– Значит, не ответишь?
Когда Арон отворачивался, в его лице стыла странная обречённость.
– Будь по-твоему. Рано или поздно ты сама всё поймёшь.
Таша смотрела ему вслед, пока шёлковый шелест не растаял на лестнице.
…трусиха. Так и не спросила то, что хотела спросить больше всего. Слишком боялась поверить врагу. Слишком боялась услышать ответы.
Во всяком случае, оставлять всё как есть она тоже не собиралась.
Нащупав корвольф на груди, Таша отложила зеркальце на подоконник. Расстегнула цепочку на шее. Рассмотрела багряный камень – так, словно видела его впервые.
Положив мамин подарок в карман, слегка оцарапав пальцы о сосновый крест, едва не вывернув ткань наизнанку, пока дрожащая ладонь выскальзывала наружу, накинула на шею цепочку зеркальца-кулона.
Сознание было ясным, как никогда.

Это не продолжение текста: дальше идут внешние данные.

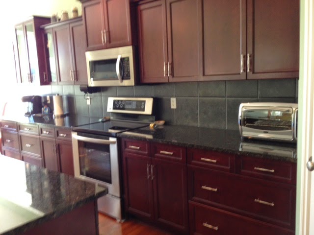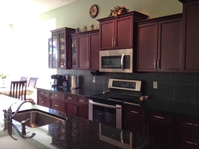 The kitchen is perfect for the home chef and features maple cupboards/drawers (some with slide-out shelves) in a cherry wood stain, a massive kitchen island, garburator, extra-large sink, granite counters and ceramic tile backsplash that ties in to fireplace tiles. Two pantries provide extra storage space.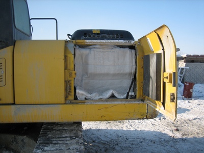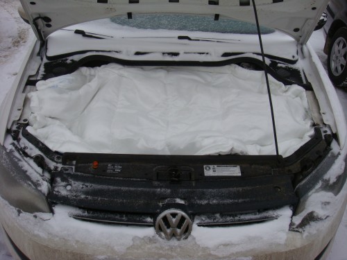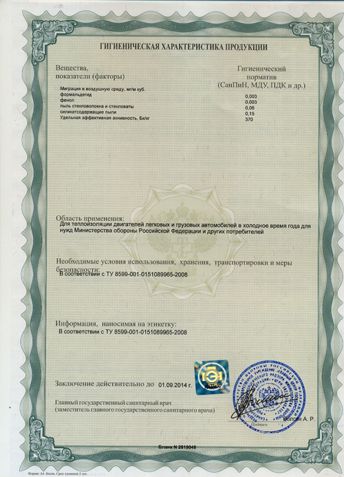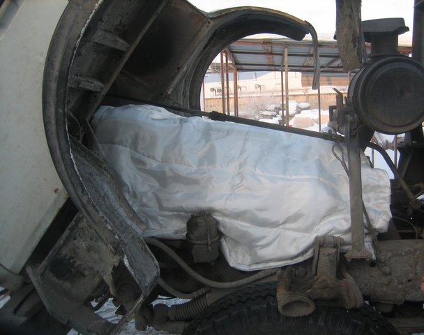 5. Утеплитель помещается в моторный отсек, где установлен воздухозаборник, пропускающий воздух с улицы в салон авто. В связи с этим в состав утеплителя непременно должны входить экологичные материалы. К тому же, требуется предотвратить попадание микрочастиц утеплителя в воздухозаборник, обезопасив таким образом легкие людей, находящихся в салоне. Поэтому наружная ткань должна быть плотной и без задиров.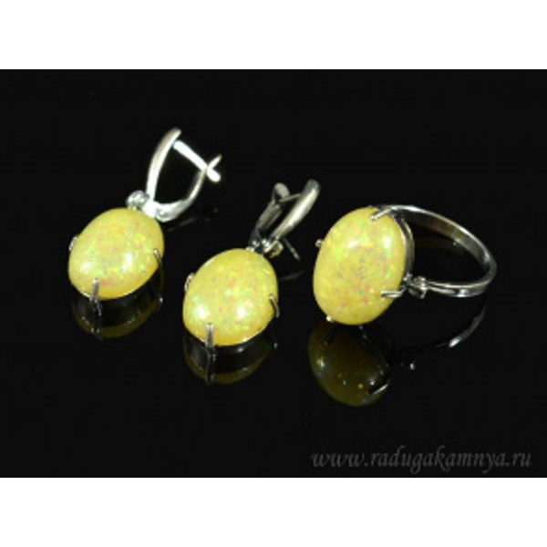 Кольцо и серьги с опалом искусственным, цвет лимонный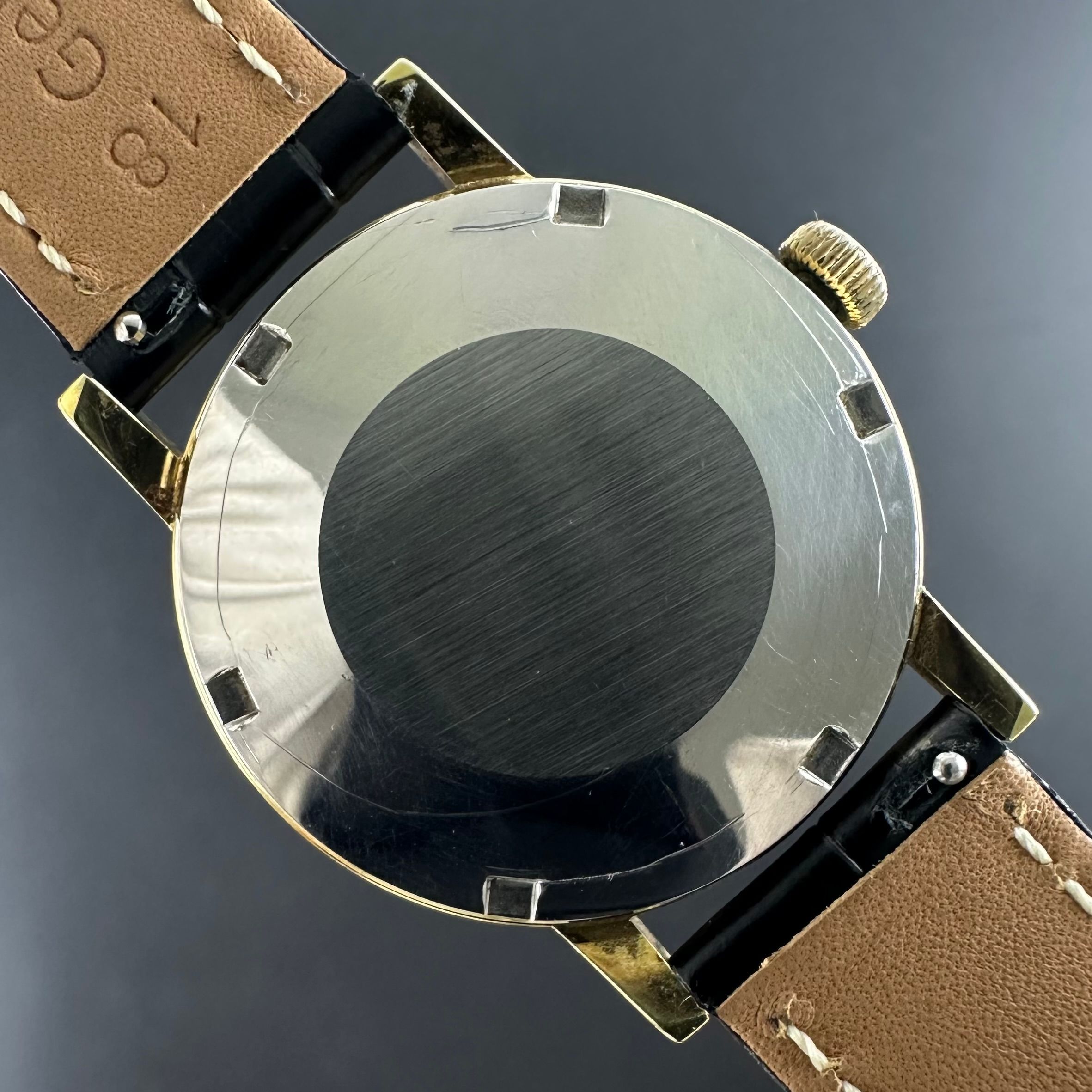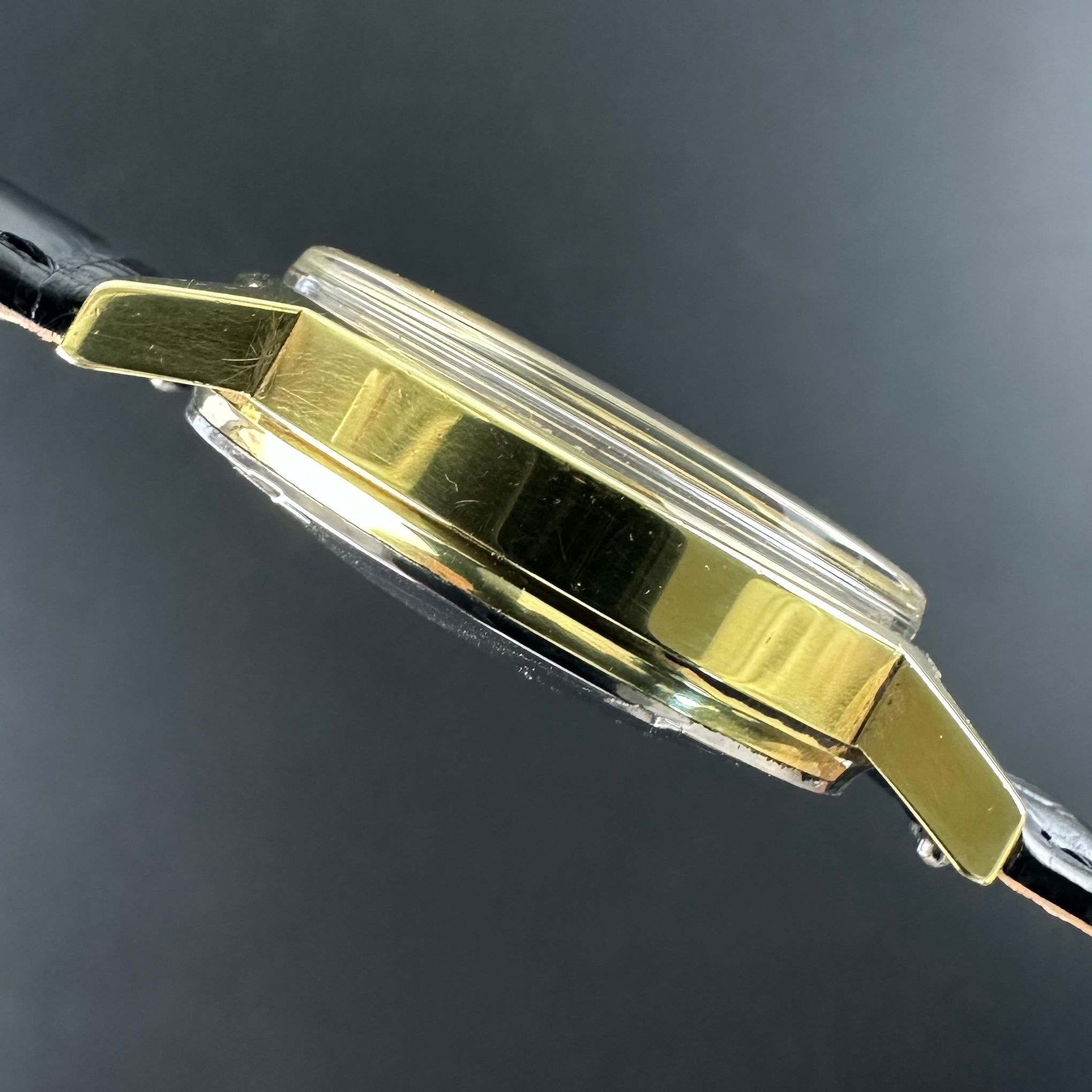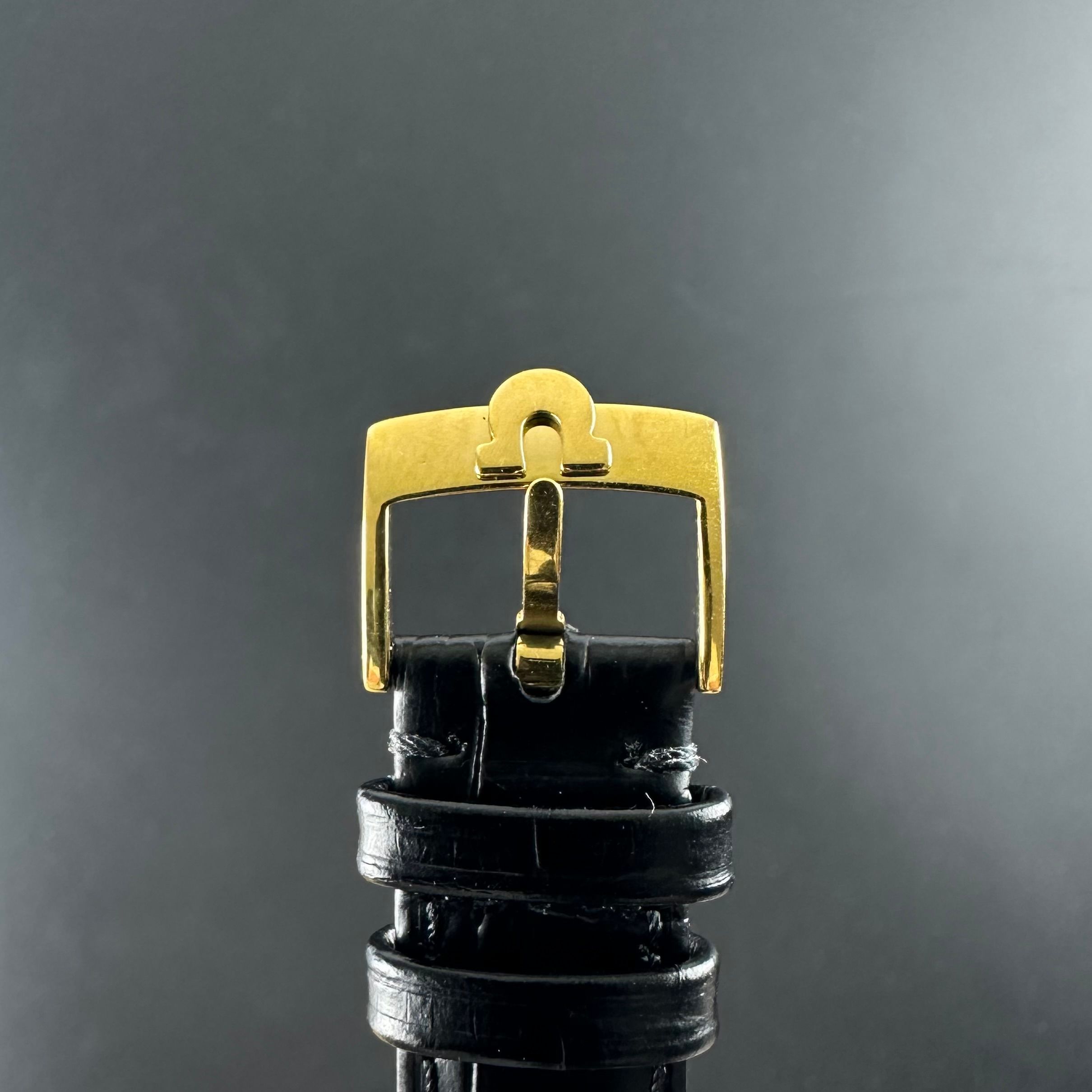 This vintage Omega Genève Automatic was produced in 1973 and features a white vertically brushed dial with gold and black accents and a date window at 3 o’clock. The 35mm gold-plated case (excluding crown) houses a caliber 1481 movement, serviced in July 2025 and currently running excellently. The original crown shows wear but still operates the push date function properly. The watch is fitted with a black calf leather strap with a crocodile grain motif, aside from the strap, it remains completely original and in good condition, with an especially well-preserved, untouched dial.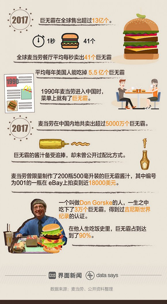 不只是在中国,巨无霸1968年起开始在全美国发售,这50年里它出现在了全球100多个国家和地区的麦当劳餐厅里。巨无霸也成为了这个快速餐饮品牌最为经典的产品,每年美国人能吃掉5.5亿个巨无霸。2017年,麦当劳在全球售出巨无霸超过13亿个,平均每秒售出41个。中国市场在去年一共卖出了5000万个巨无霸,其中1/5的巨无霸北京消费者被吃掉。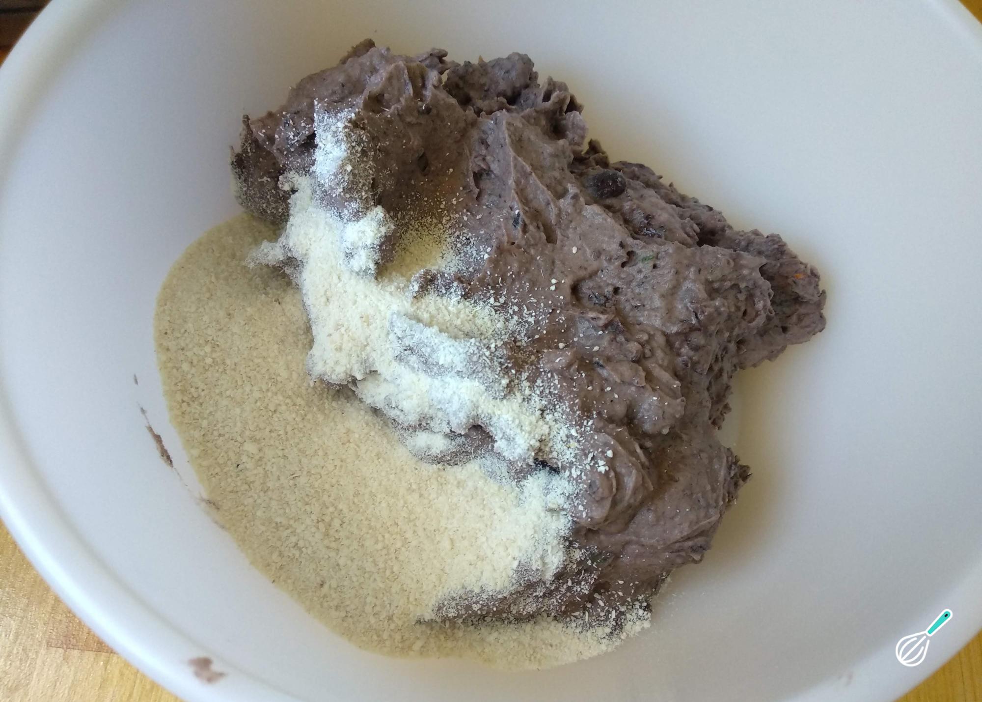 Dica: Nesta receita usamos farinha de mandioca porque ajuda a firmar facilmente a pasta de feijão e não tem glúten.

Её не терзали сомнения. Казалось, она впервые отчётливо понимает, каким должен быть её следующий шаг.
Пускай этой игре пока далеко до конца, свои ходы она отныне будет делать сама.
Заправив зеркало под платье, Таша подняла взгляд. Увидев в оконном стекле чужое отражение, даже не отшатнулась – просто не осталось сил.
– С герцогом сегодня разберутся, – лишь устало сказала она Раксэне Норман. – Скоро ты сможешь спать спокойно.
Мёртвая женщина не ответила ей. Только улыбнулась – так, что заставила Ташу сунуть руку в карман за защитным крестом.
Ледяные пальцы нащупали подвеску с корвольфом. И всё.
Она ещё успела увидеть крест валяющимся у своих ног – неосторожно вытащенным и оброненным в момент, когда она убирала подвеску в тот же карман. Даже успела наклониться, прежде чем перед глазами её вспыхнул лунный свет, затапливая всё, сдавливая виски, заставляя её крик захлебнуться в потустороннем шёпоте, что захлестнул волной и утянул Ташу в ненавистную черноту.
…чуть позже в полумраке гостевой башенки, где погасли все свечи и половина волшебных огней, Таша распахнула глаза.
Серебристые радужки отчётливо отливали пугающей, чужеродной синевой, когда девушка, казавшаяся Ташей, подняла руку и дотронулась до своего лица. Отступив от окна, растянула губы в улыбке – так неуверенно, будто забыла, как это делается.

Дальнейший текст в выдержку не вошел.